Great movies indeed! I knew that I had to come up with a movie which would fit the Halloween mold but not scare the girls. Not an easy task, especially since my credentials as a “cool” mother may rest on this. When I had made the stipulation that I would choose the movie, I hadn’t realised how much this would mean. I had thought of it only as a movie, but it dawned on me that this was an opportunity to keep the relationship I had with Sally on track. If I came up trumps and her friends were suitably impressed, then I would remain an adult who related to her. But if I bombed out, then there was the chance it could be the beginning of all those teenage arguments about not understanding people of her age. I knew those times would still happen, but if I could delay them for a while, it might help both of us get through that black hole of the hormone years.
So, night after night when Sally had gone to bed, I started trawling through Internet sites trying to find a suitable movie. I couldn’t believe some of the stuff I came across. But in the end, I found just what I needed.
As the night approached, Sally’s questioning increased, and her furtive searches around the house didn’t go unnoticed. But I was not to be thwarted; I had stashed the movie in my draw at work. I had, after all, been twelve once, and I knew the urge to take a quick peek could be overwhelming, even if it did spoil the surprise of my new bike.
So, the night arrived. I had softened my stance on the snacks and lashed out on some movie junk food and drinks. I wasn’t really a horrible mother.
The girls had arrived early enough to have dinner with us and had then gone off to Sally’s room to do whatever twelve-year-old girls do. Whatever it was, there was lots of shrieks and laughter. For a few hours, it was good to hear the house full of life, but I knew in my heart of hearts that I didn’t regret Sally being an only child.
I set out the snacks, loaded the movie and called the girls to come and take their seats just before turning off the lights.
The screen flickered to life, and the MGM lion roared onto the screen. Then, it began. The silence filled the room as the black and white images filled the screen. I stole a glance at the girls, and I could just make out their puzzled expressions.
The only objection came from Sally with a half-hearted, “Oh, Mum.”

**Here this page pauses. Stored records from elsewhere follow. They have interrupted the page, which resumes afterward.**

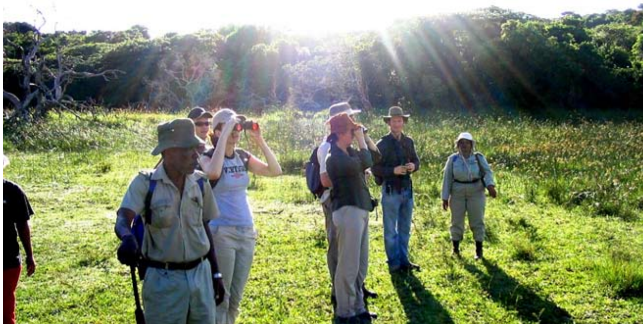
Safari on foot in St Lucia Wetland Park
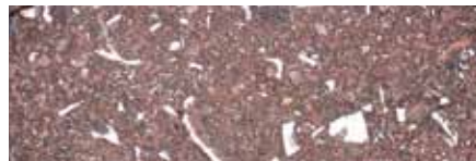
A80045 Ground Tudor® Finish : 36.3%
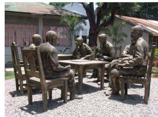
Gen. King's surrender

70 th Anniversary of the Fall of Bataan April 3 to 13, 2012
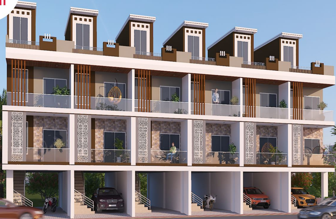
ROW HOUSE FRONT ELEVATION 3D VIEW
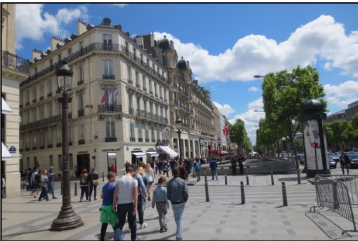
The Champs Élysées.
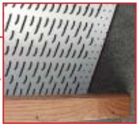
The cab has a utility shelf and 3/16-inch thick, black face board for added storage and display
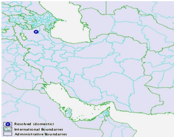
Fig. 1. The location of outbreaks in Iran

samples. The thermo-cycler protocol of reaction was Initial denaturation 95 °C for 3 minutes, followed by 35 cycles (denaturation 95 °C for 30 seconds, Connection 52 °C for 30 seconds, expansion 68 °C for 30 seconds) and a final extension step at 68 °C for 10 minutes.
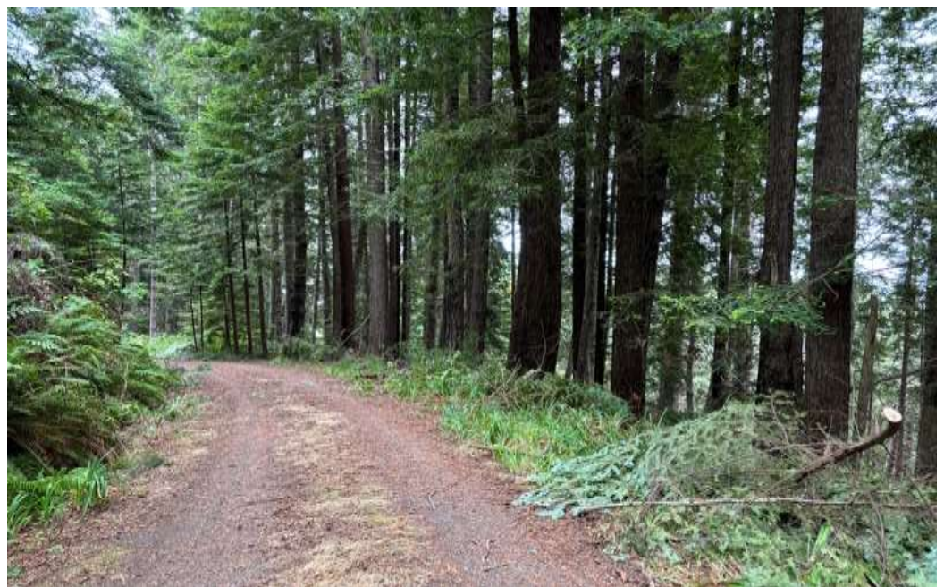
After Roadside Clearing

Thank you for your help in making our Community more Wildfire resilient!
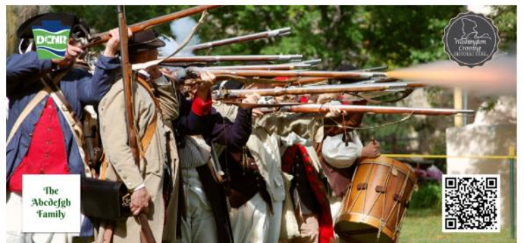
The Abcdefgh Family
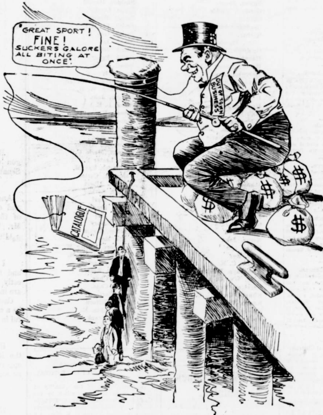
THE CATALOGUE BAIT

Last year in Fresno County, California, there were orders for over one hundred windmills sent to one mail order house alone. In case the man who bought "long distance" had to pay the freight, haul the windmill out to his place and stand the expense of erecting it—when, if he had been wise, he could have bought the same, identical windmill at his local dealer's for the same money, could have had it taken to his place and erected without cost or trouble and without the freight from Chicago to Fresno tacked on. "Fishing for suckers" may be good sport—for the other fellow—but it's hard on the suckers. Let us shun this "out-of-town" bait religiously.
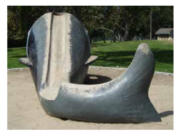
Figure 6: Fish. View: W, NW.
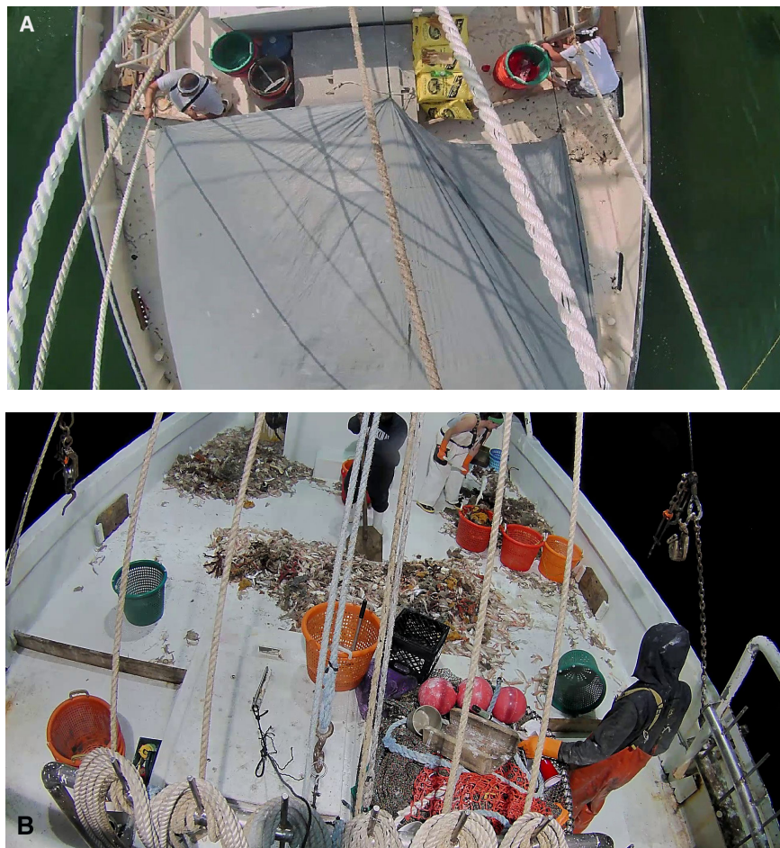
Figure 3.—Deck of vessel with A) tarp covering deck during sorting, inhibiting view, and B) adjusted view to prevent tarp from obscuring images.

It is most beneficial to an EM program that video reviewers are current or former observers for that specific fishery, as they will be the most familiar with the practices and species encountered of that fishery (Chavance et
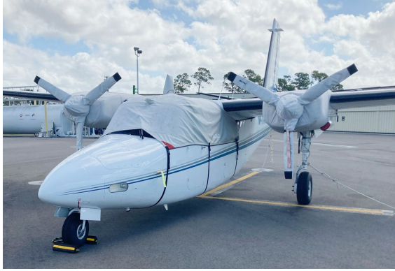
Aero Commander 500S Shrike Canopy, Engine & Prop Covers

The material is very reflective, and tests show that the cabin interior temperature can be reduced to near-ambient temperature on the hottest of days. It is water, ice and snow repellent, yet breathable to allow moisture to escape from between the cover and the aircraft surface.
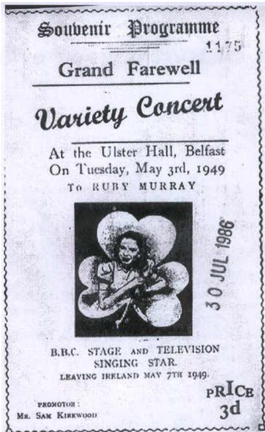
The programme of Ruby Murray's "grand farewell" concert in the Ulster Hall.
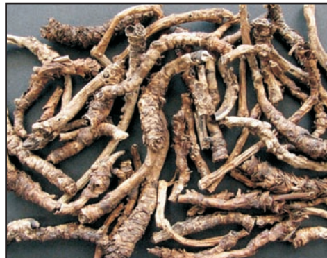
Dried Katuka roots.
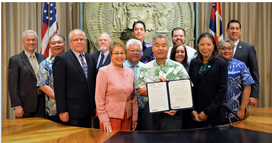
Governor David Ige signed HB 1180 SD 1 into law as Act 9 on April 16. Act 9 will provide the Puna district on the island of Hawaii with $60 million in disaster relief, recovery, mitigation, and remediation activities in the wake of the Kilauea volcanic eruption that devastated the area last year.
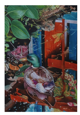
Rich Ernsting, CF Fowl Play $2.500
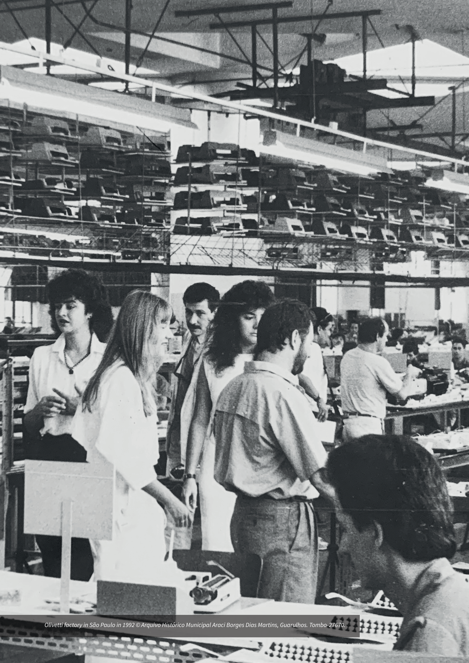
Olivetti factory in São Paulo in 1992
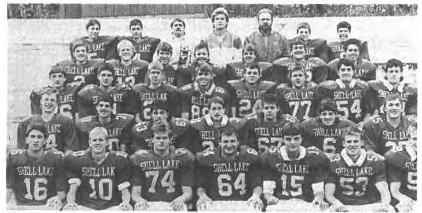
SHELL LAKE - FOOTBALL CHAMPIONS (DIVISION 6) - 1991-92

Clayton 8, Turtle Lake 6; Shell Lake 27, Prairie Farm 6; Niagara 32, Three Lakes 14; Lena 20, Hus Cashton 28, Blair-Taylor 14; Kickapoo 15, Eleva-Strum 14; Highland 12, Seneca 6; Marshall 28, Cambria-Frie
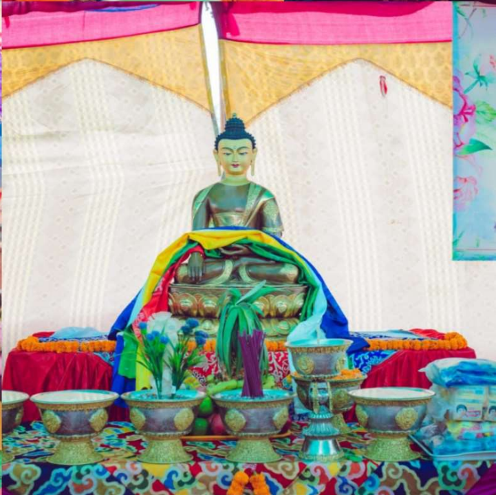
IBC joyously celebrated the Bhoomi Pujan ceremony of the
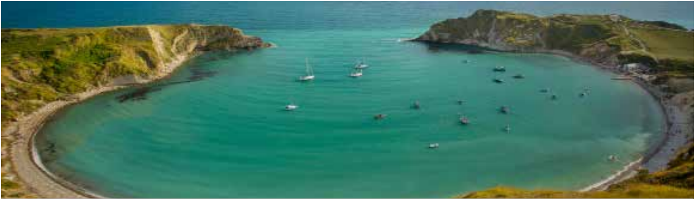
LULWORTH COVE, DURDLE DOOR 23.2 miles – 40 mins
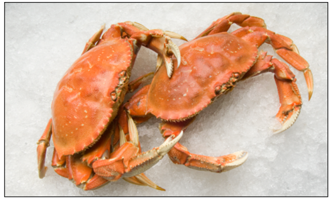
Figure 8. Keep crab alive and on ice until you are ready to can.
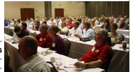
Attendees listen during one of the many workshops.
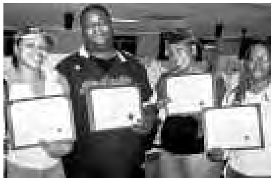
Third-place winners: HPV.
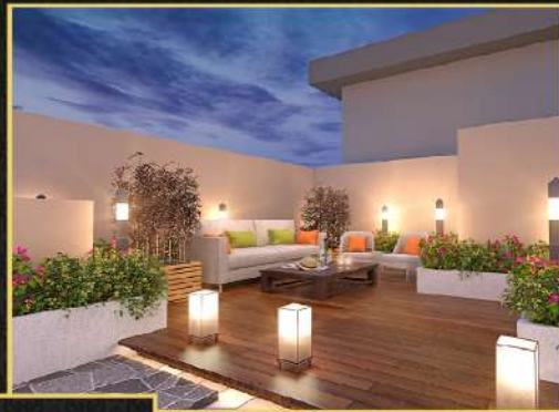
SEATING AREA JUST RELAX

I held my breath waiting for the outburst of three disappointed almost-teenage girls. But as I waited, nothing happened. Well, not nothing. The girls settled back and watched the movie with real delight. I doubted if they had ever heard of Abbot and Costello, let alone knew that they had met the Mummy. Before long, they were trying hard to suppress their laughter as it threatened to overwhelm them. There were shouts to the TV of “look behind you,” and then screams as the action produced a sudden fright.
As the titles rolled, cries of “play it again” filled the room. The night had been such a success, I was a little astounded. After dropping the girls off, Sally and I cleared away the remains of our night. Sally was animated, and when she turned to me and said, “Who would have thought you could pick such a great movie, Mum?” I finally let out the breath which I felt I had been holding all night. I knew I had made the right decision not to let her go out trick or treating, but next year might be a different matter.
I waited until Sally was in bed before checking the doors and turning out the lights. Just as I turned out my bedroom light, Sally called down the hallway in a half-frightened voice, “Careful, Mum. There might be a Mummy in the wardrobe.” Then, she spoiled the effect by bursting into a fit of giggles.
We settled down for the night, and it occurred to me that we hadn’t had one knock on the door from children demanding lollies, so maybe the night was more hype than reality.